You set the bandwidth throughput capabilities of the interface on the interface itself. Then, you set the traffic shaping priority, minimum (or maximum) throughput allowed on the traffic shaper itself. From there, you define the policy to which you want the shaper applied.
I have been tasked to trying to limit wireless bandwidth usage so that wireless cameras have priority... can you give me somewhat of a direction to go in?
Thanks
let me know more details of your setup and I will see what I can do. You can use my contact form @ FortinetGURU.COM
@@FortinetGuru Thank you... we are going with UniFi access points... it appears that they can handle the throttling on their own.
@Fortinet Guru
Today I got one "attack" on the firewall with over 100K UDP connections from one IP. I killed them all and now its fine. Is there any way to use per IP traffic shaping to limit the amount of connections per IP? I had a look already and im not quite sure how to make a correct configuration for connections comming in, not going out.
Thank you as always!
You probably want a DOS policy to help mitigate that.

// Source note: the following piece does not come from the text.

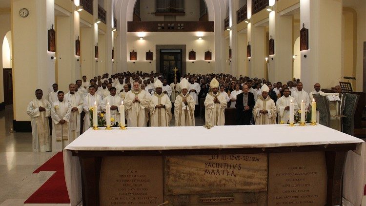 വത്തിക്കാനിലെ കൊളെജ്ജോ ഉർബാനോയിൽ സിസിബിഐയുടെ ആഭിമുഖ്യത്തിൽ 300 ലധികം ഇന്ത്യൻ പുരോഹിതരും, സന്യാസിനികളും, വൈദീക വിദ്യാർത്ഥികളും ഒരുമിച്ച് അർപ്പിച്ച ദിവ്യബലി. വത്തിക്കാനിലെ കൊളെജ്ജോ ഉർബാനോയിൽ സിസിബിഐയുടെ ആഭിമുഖ്യത്തിൽ 300 ലധികം ഇന്ത്യൻ പുരോഹിതരും, സന്യാസിനികളും, വൈദീക വിദ്യാർത്ഥികളും ഒരുമിച്ച് അർപ്പിച്ച ദിവ്യബലി.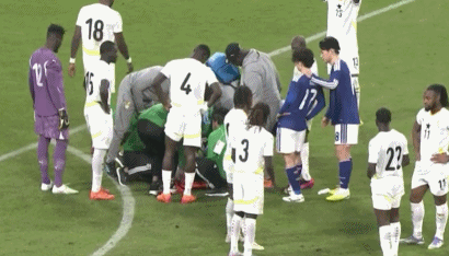 比赛足足中断了4分钟之后,在长时间的治疗之后,阿布被担架抬离球场,全场球迷送上掌声。24岁的阿布效力于法甲图卢兹,本赛季法甲出场8次共532分钟。此役是阿布第六次为加纳出场,也是自5月31日以来首次为加纳出场。

@@FortinetGuru Thank you for your answer! I'll activate that feature and take a look at it, thanks !
i want to give max bandwidth to rdp , As our users are facing frequent disconnection while using SAP server application. please refer me some solution
Going to depend heavily on the amount of utilization you are receiving across the circuit. You can do shared shapers or more to help mitigate this issue.
I think it will not work without ssl decrypt.
how to strengthen the Whatsapp video call in Fortigate?
Can you please do ipsec vpn failover vpn video for us.,.
Sure
👍
Had to fix it after I made that glaring oversight!
@@FortinetGuru Glad it wasn't me. LOL. Hey, where is MONITOR in 6.4?
NVM, Found it. New Dashboard, just had to Drill down to details. ugh!